Suppose we have an arbitrary continuous parametric function $f(t)$ differentiable at any point $t$.
Further suppose we have a point at position $f(t)$ and we add $h$ units to $t$. Between time $t$ and $t+h$ the point has moved and has created a well-defined path.
I'm looking for the absolute total area that is created between the path and a straight line that passes from $f(t)$ and $f(t+h)$.
Here is an image to help clarify:
EDIT:
$f(t)$ is a 2 dimensional vector and the picture shows a two dimensional space.
@Garmekain , regards. Hope this will be useful. So in the problem, we have $$ f(t) = (x(t), y(t)) $$ I may not give full detailed answer here. In a point of view : to calculate the area, you may transform the straight line (from $f(t_{0})$ to $f(t_{0}+h)$) and all the points on the curve so that $$(x(t_{0}),y(t_{0})) \rightarrow (0, 0)$$ and $$(x(t_{0}+h),y(t_{0}+h)) \rightarrow (|l|, 0)$$ $|l|$ is the length of the straight line.

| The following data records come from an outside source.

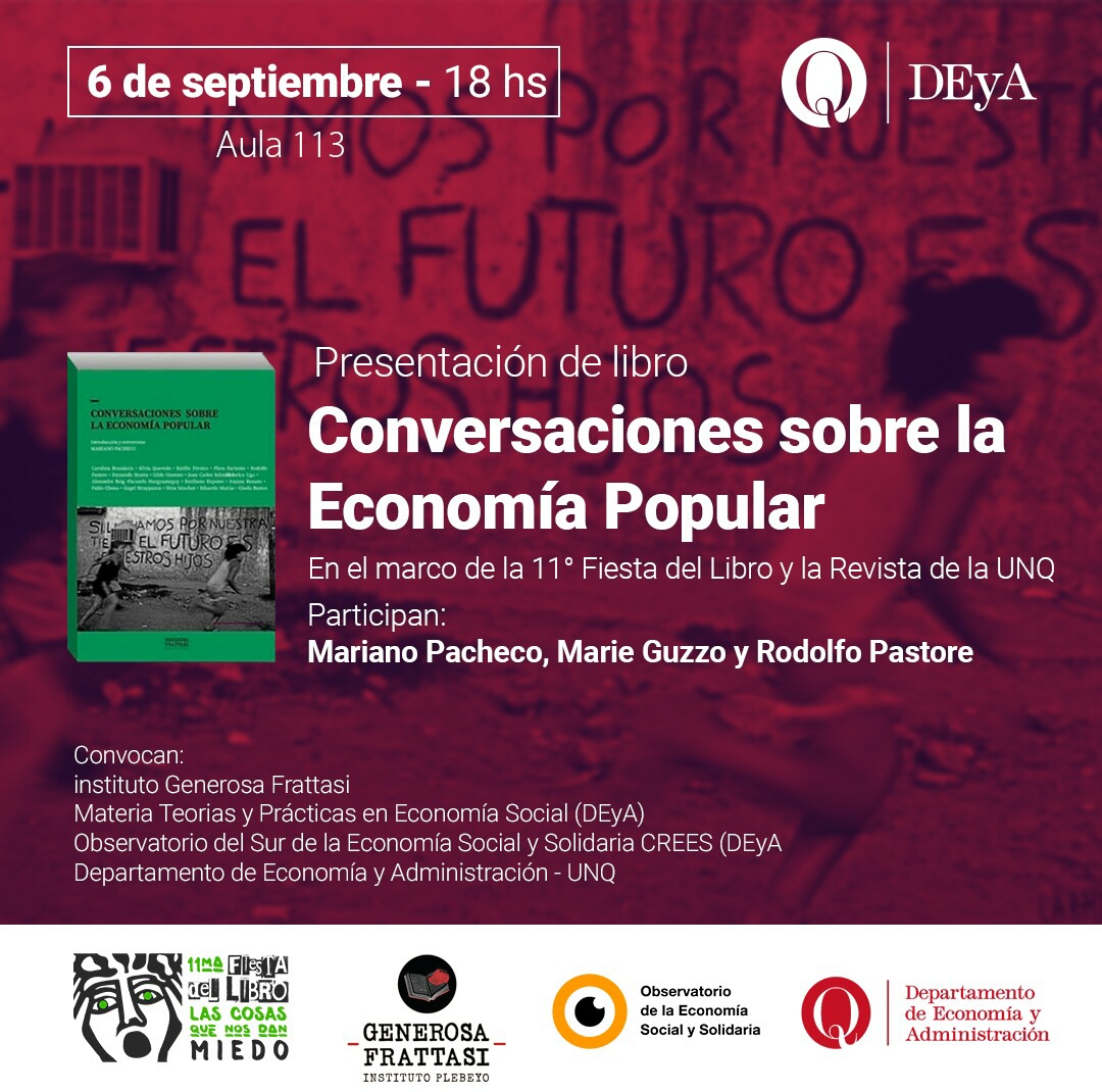 Se presentará el libro Conversaciones sobre la Economía Popular en la Fiesta del Libro y la Revista de la UNQ, los días 6, 7 y 8 de septiembre de 15 a 20.30 en la Universidad Nacional de Quilmes.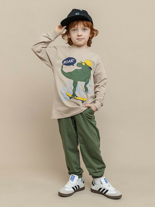 Лонгслив с длинным рукавом для мальчика бежевый.  Стильная и комфортная модель для активных детей и подростков выполнена из высококачественного материала, обеспечивающего максимальную мягкость и комфорт при носке. Принт в виде динозавра.Характеристики:Ткань: Супрем пенье 92% хлопок 8% эластанПроизводитель: batik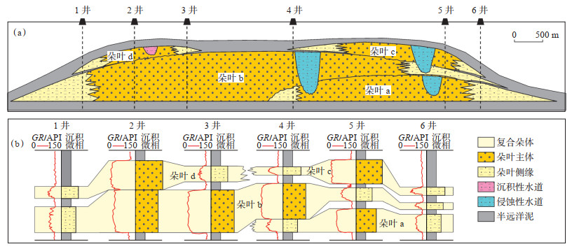 该类型水道长期处于活动状态,主要作为向下陆坡—盆底输送物源的通道,以侵蚀作用为主,基本不发生沉积作用,废弃后被半远洋泥所充填,测井曲线突变位置与泥岩基线重合(图 7c),这种现象与陆相湖盆斜坡发育的重力流废弃河道充填特征类似[20]。侵蚀性水道会对下伏朵叶形成不同程度的侵蚀,进而影响储层侧向连通性。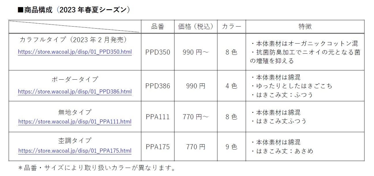 誕生から50周年を迎える2023年春夏シーズンは、オーガニックコットン使用の新シリーズを加え、定番のタイプと合わせて計29種の豊富なカラーバリエーションで展開。全国の百貨店、下着専門店、チェーンストア(量販店)、ワコールウェブストア等のECで発売し、2023年2月~6月で90万枚の売上を目指します。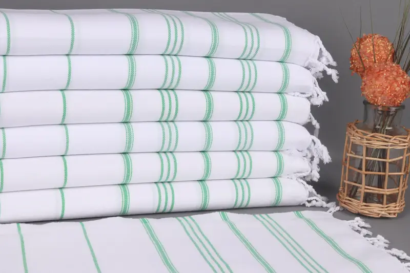 Customized Hand Towel Green Striped Organic Cotton, 24x40 Inches

This can be done by translating all the points by referring translation $(x(t_{0}),y(t_{0}))$ to $(0, 0)$, and then make a rotation of $ -\theta $. (*The rotation $-\theta$ is clockwise)
$$ \left[ \begin{matrix} X(t) \\ Y(t) \end{matrix} \right] = \left[ \begin{matrix} \cos(-\theta) & -\sin(-\theta) \\ \sin(-\theta) & \cos(-\theta) \end{matrix} \right] \left[ \begin{matrix} x(t)-x(t_{0}) \\ y(t)-y(t_{0}) \end{matrix} \right] $$ The $$ \left[ \begin{matrix} x(t)-x(t_{0}) \\ y(t)-y(t_{0}) \end{matrix} \right] $$ is the result of the translation.
Then the area can be calculated by the integral below : $$ A = \int_{t_{0}}^{t_{0} + h} |Y(t)| dt $$
Thanks. All the best.